God worked in that circumstance also. It turned out that Jolie needed surgery on her paw. I asked if Jolie could have the surgery the following day, because I knew I would never get her back in the carrier any time soon. The vet who usually does surgery on Fridays (Dr. R) had taken the Labor Day weekend off, and was not available (as she had told me herself the previous Tuesday). Remarkably Dr. L said she would step off the floor Friday afternoon to do the surgery. Had I seen Dr. T as I had initially asked, this would not have been possible since she does not work on Fridays.

All weekend I felt guilty about Jolie, thinking that something in my home had caused or allowed Jolie’s injury to occur. I worried about her coming home; would she be hurt again? When I took another one of my cats in on Tuesday, I learned the probable cause from Dr. R . . . and it had nothing to do with anything in my home environment. I had hoped to consult Dr. L about when it would be best to bring Jolie home, but she was having a much-needed day off after working the holiday weekend.
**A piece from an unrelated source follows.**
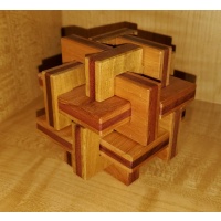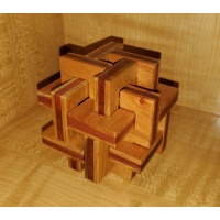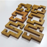 The assembled shape of the puzzle is a bit similar to Tangled Clip Burr but it consists of only 6 pieces compared to 12 of Tangled Clip Burr. Three pairs of identical pieces are used for the puzzle but if you look at the pieces carefully, you will notice that the direction of the grain of each paired piece is different. This feature gives higher symmetry for the assembled shape of the puzzle.
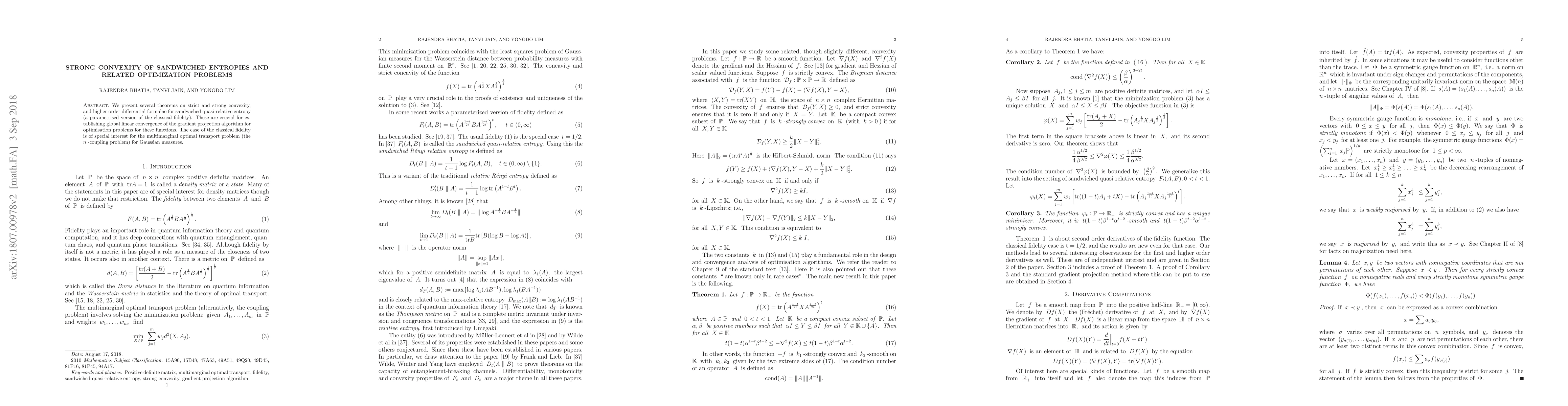 We present several theorems on strict and strong convexity, and higher order differential formulae for sandwiched quasi-relative entropy (a parametrised version of the classical fidelity). These are crucial for establishing global linear convergence of the gradient projection algorithm for optimisation problems for these functions. The case of the classical fidelity is of special interest for the multimarginal optimal transport problem (the $n$-coupling problem) for Gaussian measures.

I posed the question to Dr. R, who said that Jolie was doing well enough to come home any time, per Dr. L; but because I was so concerned about Jolie’s safe recovery, it might be good to wait until Friday.

I am so grateful to Dr. L for doing the surgery and caring for Jolie so well. Even more, I am grateful to God, who worked out every detail so that Jolie could get the treatment she needed. To adapt a well-known refrain:

I sing because I’m happy, I sing because I’m free,
For His eye is on my kitty, and I know He watches me.